Header Critique : LA NEUVIÈME PORTE (THE NINTH GATE)

Critique du film
LA NEUVIÈME PORTE 1999

THE NINTH GATE 

Dean Corso, négociant en livres rares vivant à New York, est chargé par le richissime collectionneur Boris Balkan de réunir les trois seuls exemplaires existant du livre de sorcellerie «Les neuf portes de l'enfer». Il se rend en Europe pour faire ses recherches...

En 1999, les écrans voient fleurir une vague de films d'inspiration diabolique. Ils arrivent après le bon accueil reçu par le faustien L'ASSOCIÉ DU DIABLE de 1997. Les studios comptent aussi exploiter la "peur" du passage à l'an 2000, avec des titres comme STIGMATA ou LA FIN DES TEMPS.

Or, un des films d'horreur sataniste le plus fameux et le plus influent est ROSEMARY'S BABY de Roman Polanski, de 1968, dans lequel une jeune New Yorkaise porte malgré elle l'enfant du Diable. Cet énorme succès critique et populaire est resté dans les mémoires et à la fin des années quatre-vingt-dix, on fait confiance à Polanski pour réaliser à nouveau un tel film, en lui allouant un budget confortable (un peu moins de 40 millions de dollars). Il s'agit de l'adaptation du roman «Le club Dumas», un thriller d'Arturo Pérez-Reverte, gros succès de librairie.

Pour le porter à l'écran, le scénariste Enrique Urbizu simplifie l'intrigue en retirant ce qui concerne la recherche d'un chapitre perdu des «Trois mousquetaires» d'Alexandre Dumas. Roman Polanski et son collaborateur régulier John Brownjohn peaufine ensuite cette base. Le casting comprend des acteurs prestigieux, comme Johnny Depp (LES GRIFFES DE LA NUIT, SLEEPY HOLLOW), Frank Langella (DRACULA de John Badham, LOLITA d'Adrian Lyne dans lequel Roman Polanski le remarque particulièrement), Barbara Jefford (LUST FOR A VAMPIRE de la Hammer) ou Jack Taylor, figure du cinéma Bis espagnol et particulièrement du cinéma de Jesus Franco.

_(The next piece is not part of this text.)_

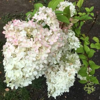 Гортензия «Диамантино» – популярный декоративный сорт гортензии, а также один из самых крупных среди других представителей вида. При надлежащем уходе он может вырастать до 2 м, хотя обычно в высоту он достигает около 1,2–1,5 м, при ширине 1–1,2 м. Во время цветения растение выглядит особенно пышным из-за множества соцветий, а его листвы почти не видно.

LA NEUVIÈME PORTE est le premier long métrage de Roman Polanski connecté au fantastique depuis le film d'horreur psychologique LE LOCATAIRE. Après ce titre de 1976, le metteur en scène est condamné pour viol sur une mineure aux USA. Il accomplit une première peine de prison, mais il est question que son cas soit rejugé ensuite et il fuit en France (pays dont il a la nationalité puisqu'il est né à Paris). Depuis, il n'a plus remis les pieds aux USA où il pourrait être arrêté.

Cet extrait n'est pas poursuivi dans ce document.